Jitters Enhance Structured Notes' Allure

Uncertainty about the stock market has helped revive interest in complex derivatives known as structured notes.

Investors experienced big losses on structured notes three years ago when interest rates rose. But traders said recent volatility in the stock market has prompted investors to add to their bond portfolios.

Traders at Merrill Lynch & Co., J.P. Morgan & Co., and other big trading banks are finding investors-most often European banks and insurance companies-willing to make leveraged bets on bonds with exotic features added to boost their yields.

Spreads on most "plain vanilla" fixed-income products, such as municipal bonds and government notes, have shrunk greatly as European and Japanese investors have flooded the market, attracted to the bonds' high yields compared with similar securities abroad.

At their most baroque, structured notes can be ordinary government bonds with a complex yield enhancer, such as the American rate for federal funds minus the London interbank offered rate plus the difference in values of the Finnish mark and the Swiss franc.

Such instruments wound up in the hands of unsophisticated investors, who three years ago experienced heavy and unexpected losses when interest rates rose quickly in early 1994.

But what really hurt investors, traders say, was not the complexity of the structured notes, but the degree of leverage involved.

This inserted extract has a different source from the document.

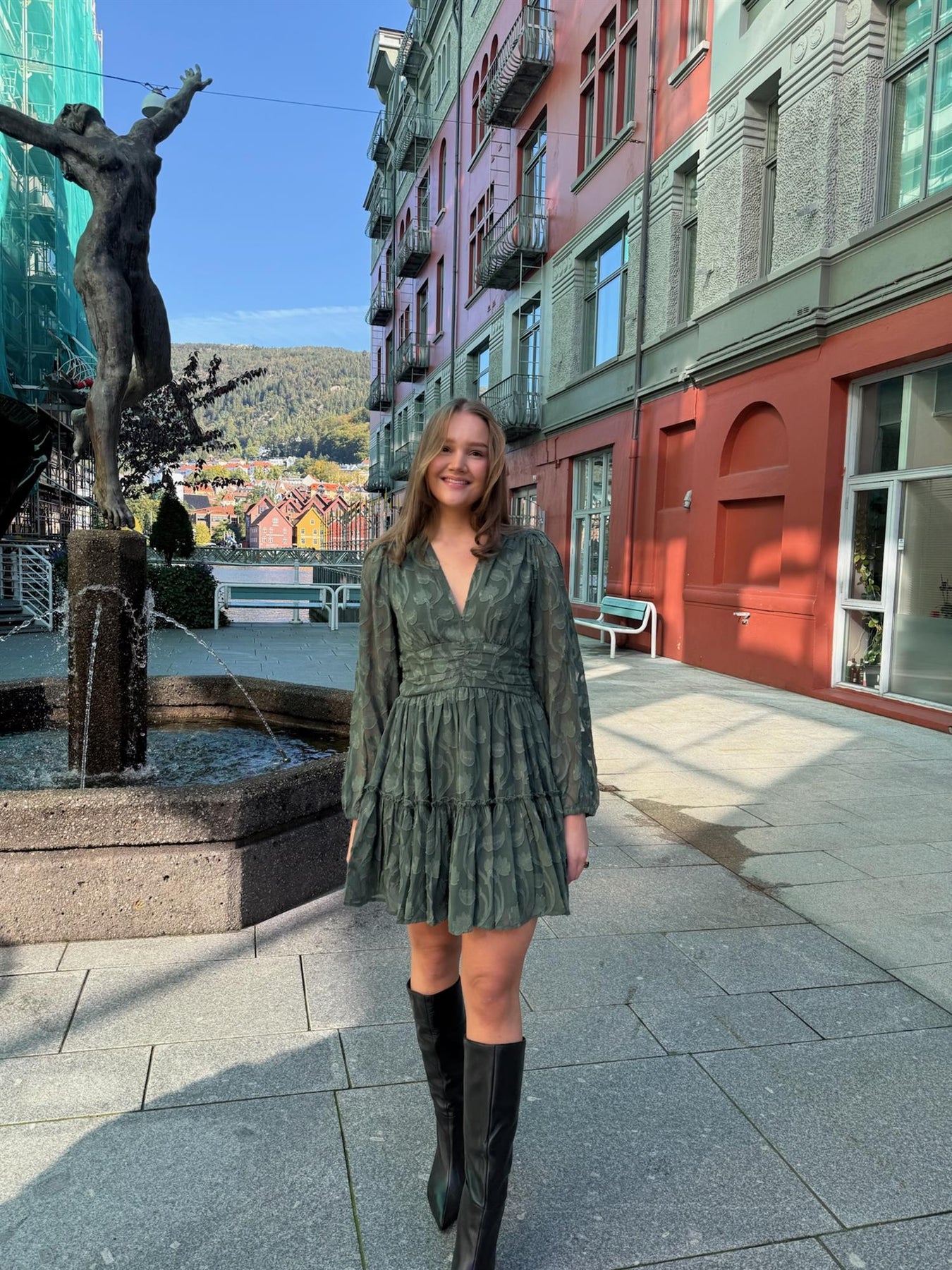 Noor Dress fra Missmaya er en feminin kjole laget i lett georgette-polyester. Kjolen har en minilengde og en flatterende silhuett med tettsittende midje, plisserte detaljer og vaffelsøm bak som gir en behagelig passform. Lange puffermer med elastiske mansjetter tilfører et romantisk preg, mens V-halsen gir et sofistikert uttrykk. Kjolen lukkes i siden med glidelås for en sømløs finish. En tidløs kjole i en frisk grønnfarge, perfekt til både hverdags og fest.

Investors were seeking much more aggressive returns from structured notes in 1994 than they are nowadays. Traders say investors typically seek an extra 50 basis points of yield from structured notes, where as 250 points was the goal three years ago.

In addition to leveraging less, investors are also demanding protections against losses in case their bets turn against them.

Structured notes often protect the principal against loss nowadays, said Frederick J. Chapey Jr., global derivatives executive at Chase Manhattan Corp.'s securities unit. This protection enables investors to speculate on the market without losing their shirts.

"If they're right on something, they get a higher yield. If they're wrong, they get a lesser one," Mr. Chapey said.